On distingue ainsi une première conversion qui n’est autre que le passage (littéralement, la « pâque ») de l’installation dans le péché grave à la vie de la grâce. Cette transition ne peut faire l’économie d’un certain nombre de ruptures avec des situations ou des occasions objectivement délictueuses ni l’apprentissage laborieux des vertus morales. La seconde conversion implique un dépouillement à l’égard de la recherche de soi-même. On ne franchit se stade qu’en acceptant une forme de négation de sa propre sensibilité pour qu’il soit bien clair que l’on ne cherche pas « les consolations de Dieu mais le Dieu des consolations ». La troisième conversion, nécessaire pour abolir l’orgueil qui nous meut y compris dans le service du Royaume, est une entrée plus profonde dans « la nuit obscure » par la conscience de l’irréductibilité de ce qui a été entrevu dans la contemplation à la conceptualisation. Retenons surtout de cette classification la nécessité de grandir en Dieu, ou plutôt de laisser Dieu grandir en nous à la mesure même de la diminution de notre ego : Il faut qu’il croisse et que je diminue.

Convertir Dieu !

L’expression est audacieuse, mais elle renvoie à une disposition de la providence de laisser fléchir sa colère par la pénitence du pécheur. Ainsi, Isaïe parvient-il à faire changer les décrets divins en arguant de la fidélité et de la droiture d’Ezéchias. Daniel fléchit le Seigneur en lui faisant apparaître que le juste châtiment infligé au peuple d’Israël mettrait en cause la gloire même de Dieu. L’argument est peut-être spécieux mais efficace ! Mardochée, dans le même sens, prie le Seigneur de ne pas laisser s’éteindre les voix qui chantent sa louange, lui rappelant au passage l’alliance avec les patriarches. Moïse se lance lui-même dans un syllogisme dont il ressort que l’extermination par Dieu de son peuple infidèle nuirait à la réputation de Dieu ! Le roi de Ninive, ayant pris l’initiative d’un jeûne sur les instances de Jonas, traduit ainsi ce rapport entre la conversion du pécheur et la conversion de Dieu : « l’homme changera de conduite et renoncera à ses actes de violence. Qui sait ? Peut-être Dieu acceptera, lui aussi de changer et de pardonner ? Peut-être apaisera-t-il sa colère pour que nous ne périssions pas ? Dieu vit que ce qu’ils faisaient pour se détourner de leur conduite mauvaise. Aussi Dieu se repentit-il du mal dont il les avait menacés, il ne le réalisa pas » (3, 8-10).

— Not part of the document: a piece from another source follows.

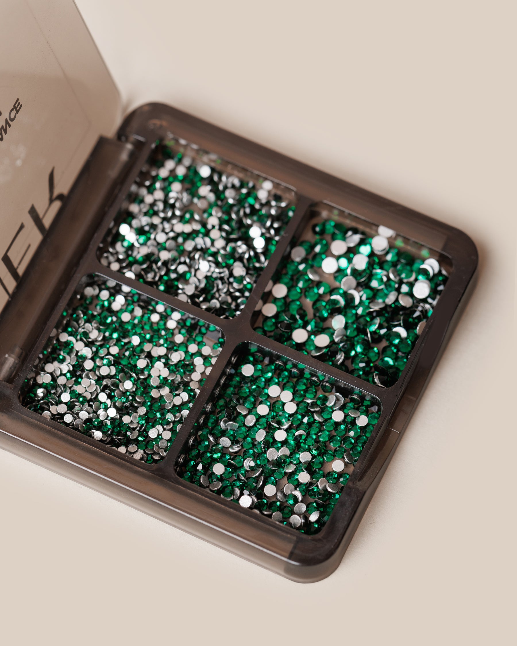 Pietre verde smarald de cea mai înaltă calitate, cu tăieri precise, pentru o strălucire clară, luminoasă, care amintește de pietrele prețioase reale.

Est-ce introduire un changement en Dieu immuable que d’évoquer ainsi la « conversion de Dieu » ? Non, si l’on considère d’une part que la préscience de Dieu connaît éternellement le résultat de l’accueil que nous ferons de sa grâce avec notre libre arbitre et d’autre part qu’il en va de notre conversion comme de la prière de demande : il ne s’agit pas de changer l’ordre établi de Dieu mais d’obtenir le pardon que Dieu a décidé de toute éternité de nous accorder par notre pénitence. « Revenez à moi de tout votre coeur dans le jeûne, les larmes et el deuil ! Déchirez vos coeurs et non vos vêtements, et revenez au Seigneur votre Dieu, car il est miséricordieux et compatissant, lent à la colère et riche en grâce, ayant regret du mal » ((Joël 2, 12-13).